Friday, January 21, 2011

“Benedict”
By Teresa Duran; Illustrations by Elena Val
ISBN No. 978-1-55498-098-7

“Migrant”
By Maxine Trottier; Illustrations by Isabelle Arsenault
ISBN No. 978-0-88899-975-7

Both available at www.groundwoodbooks.com

The first lines of “Benedict” are very disturbing. They tell us that the little boy of the book’s title “lives in a very hot place. It is red, red, red.” And in case you didn’t get the point of all that red, Elena Val draws you a picture: battling snakes, pitchforks, and the gaping maws of hell itself. Your mouth will be gaping too when you consider that “Benedict” is about a kid living in H E double hockey sticks – but only until you realize that “Benny” is actually tired of seeing all that red. So with one springy coil of his tail (just picture the slingshot on the iPhone app “Angry Birds”) he vaults himself from a red place to a white one (the North Pole). Here everything is cold and snowy. Another “sproing!” and Benny is in the desert where everything is yellow. And so on and so on, until he’s visited earth’s whole colour scheme. “Benedict” is a cute book – and a conversation piece. I would have enjoyed it more had Teresa Duran set the whole story in various imaginary places (religious zealots, no e-mails please) and the book’s font more rousing than rudimentary.
“Migrant” is even more to the point. It’s the story of a Mennonite/Mexican child named Anna who travels north with her family each Spring to work on farms harvesting fruits and vegetables.
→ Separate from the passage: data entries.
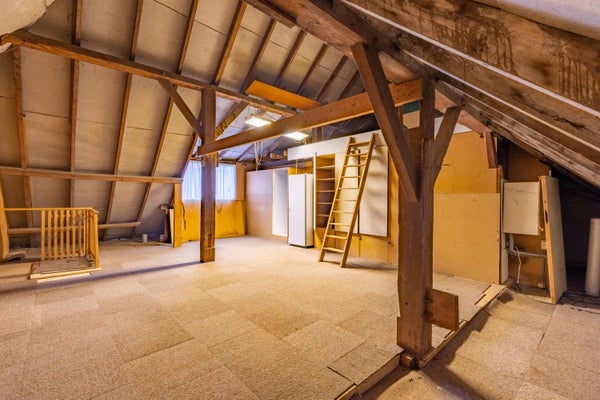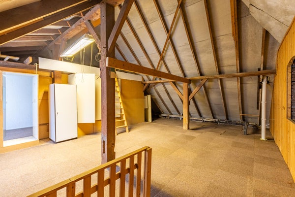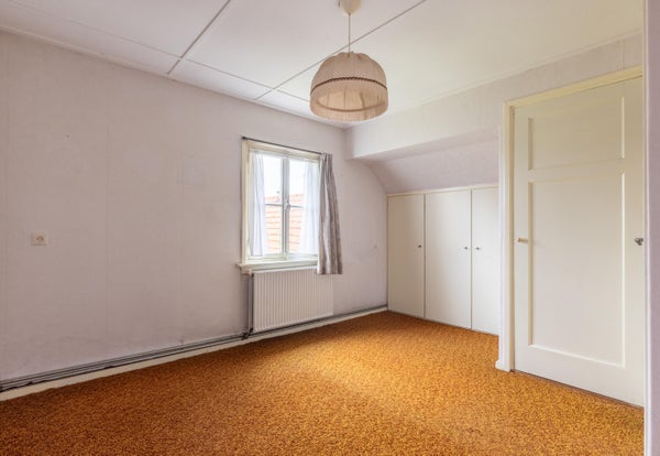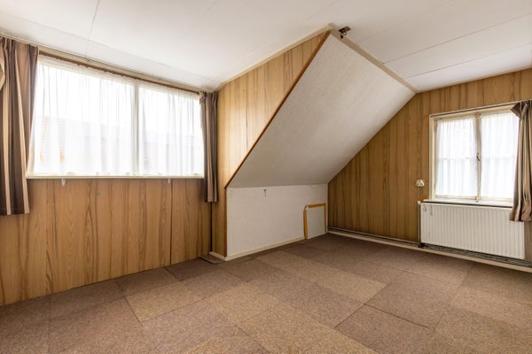 Boven ontmoeten we nog drie slaapkamers (twee met dakkapel opzij). Ook is er een megagrote zolder met meerdere mogelijkheden. Atelier? Speelzolder? Mancave? Opslagparadijs? Of misschien wel die droomstudio waar je al jaren over praat. Hier kan het. Het dakbeschot is van masonite platen.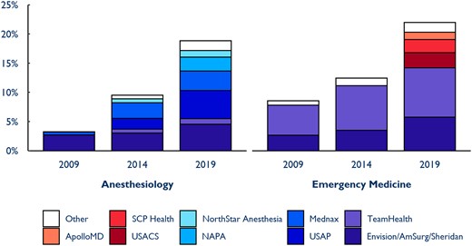 Figure III.7: The penetration of private equity into the fields of anesthesiology and emergency medicine. The figure shows eight firms owned by private equity and the percentage of all such firms from 2009 to 2019. In 2009, only 4% of anesthesiologists and 9% of ER doctors belonged to firms owned by private equity; by 2019 20% of anesthesiologists and 23% of ER doctors belonged to such firms.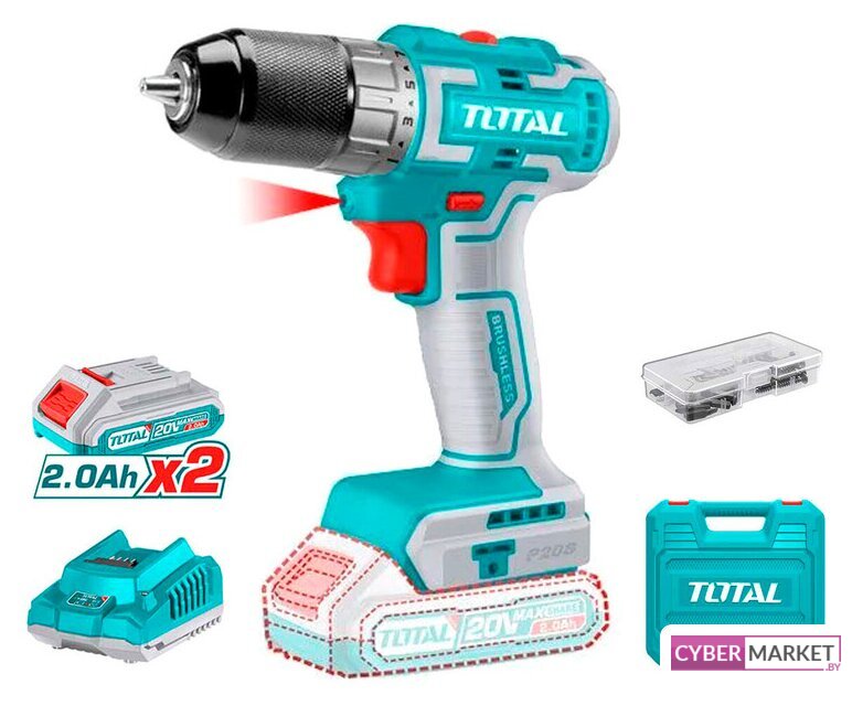 | Комплектация | Дрель-шуруповерт - 1 шт.Аккумулятор 2,0 А*ч - 2 шт.Быстрое интеллектуальное зарядное устройство - 1 шт.Аксессуары - 47 шт.ИнструкцияКейс |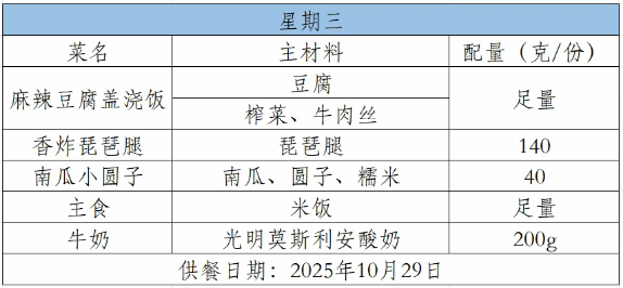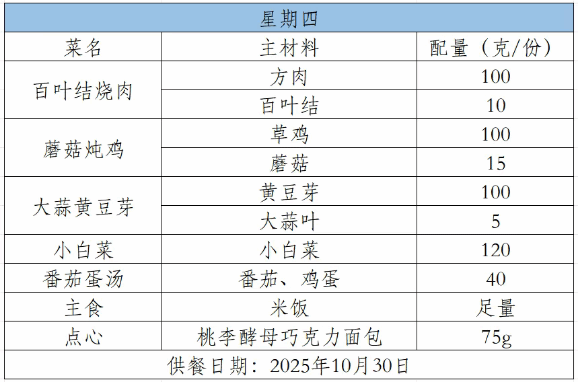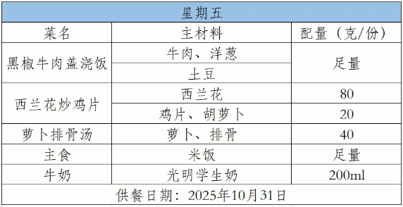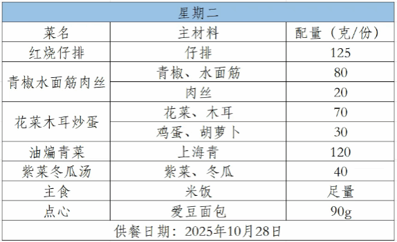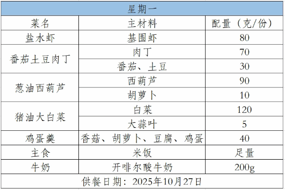 2025-2026学年第一学期第九周菜谱(10月27日-10月31日)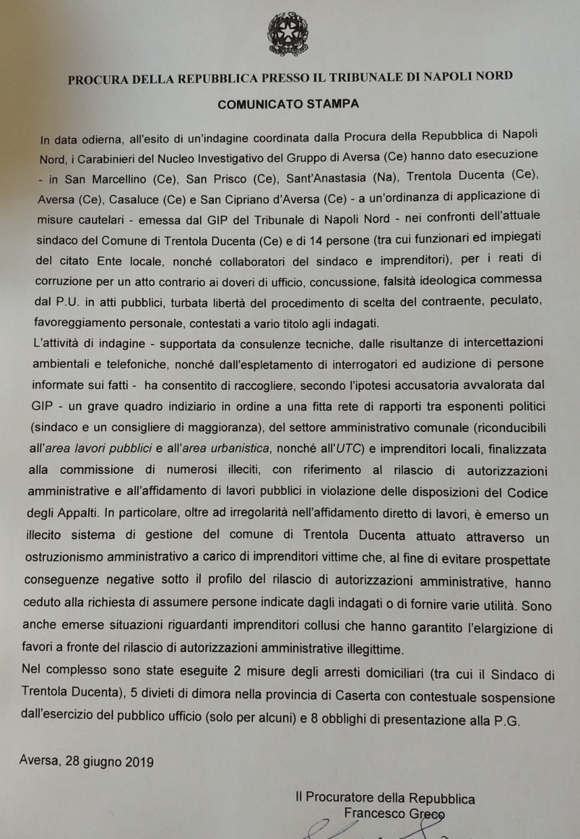 Il Comunicato Stampa inviatoci dalla Procura della Repubblica presso il Tribunale di Napoli Nord:

Speaking patchy “Low German” or “Plautdietsch”, Anna doesn’t make new friends; she just tries to acclimatize herself to the new culture. At the supermarket she “listens to all the voices – to the woman with pink hair at the cash register, to the tattooed men who put cans on the shelves. But she only understands some of their words. Dollars. Peas. Meatballs.” With a child’s-eye view the book compares her life with that of a bird or rabbit migrating north each Spring and then south in the Fall. There’s Anna’s observation of her mother making “a home of yet another empty farmhouse, the rooms filled with the ghosts of last year’s workers.” Her sisters sleep in one bed, her brothers in another. In a year when immigration is a hot-button election topic, “Migrant” should be a hot-button book – and it is. It’s just so culturally sensitive and beautifully told that it’s hard to take exception with its closing message that migrants “be treated with the same respect that is extended to citizens and visitors alike.”

Sunday, January 9, 2011

"The Guardians"

By Andrew Pyper
ISBN No. 978-0-385-66371-7
www.randomhouse.ca

Trivia quiz: Remember “Sleepers”? The 1996 best seller about four men who conspire to kill a guard who molested them when they were juvenile delinquents? It was made into a movie starring Brad Pitt. Remember the 2003 best seller “Mystic River”? It was about the abduction of a boy, his return, and a murder and made into a movie starring Sean Penn. And what about “The Secret History”? Do you remember that book? It was about cookie-cutter college kids who try to commit the perfect murder and hasn’t been made into a movie yet. No problem if you missed them. This year’s version of “Sleepers”, “Mystic River” and “The Secret History” is called “The Guardians” and I’m thinking Russell Crowe would make a great lead as a Parkinsons patient returning to the scene of a crime he and three boyhood friends committed decades ago. Unfortunately, given the depressing state of movies today the part will likely go to one of the “Gossip Girl” guys.
This time the scene of the crime is a grisly town aptly named Grimshaw. The guys are reunited when one of them commits suicide and the remaining three realize that three people really can keep a secret – if two of them are dead. “I know now that you can do terrible things without an idea,” one of them writes in his Memory Diary. “You can do them without feeling it’s really you doing them.” And in that one sentence Pyper sums up the thoughtless crimes of youth; his book becomes a “Crime and Punishment” x 4. But “The Guardians” is also a character study about WHY kids do awful things and then say they don’t know why they did what they did. (If you don’t know what I’m talking about just watch a few episodes of “Judge Judy” when she grills a stupid teen about his/her DUI.) Giving his lead character Parkinsons is a nice touch (literally; doorknobs feel like a “ball of ice”) even if it reminds you of the pulpy vulnerabilities Stephen King favours for his own characters (it seems like someone in every King novel has asthma). Pyper is a better writer, though (no nasty e-mails, please). There’s something epic about “The Guardians” – and not in a populist, corny way. The ground it covers should feel well-tread and obvious and yet it instead feels fresh, inventive and engaging. For instance, a Grimshaw restaurant is underlit not for ambience “but to hide whatever crunches underfoot on the carpet.” “The Guardians” is a psychological thriller with actual idiosyncratic smarts.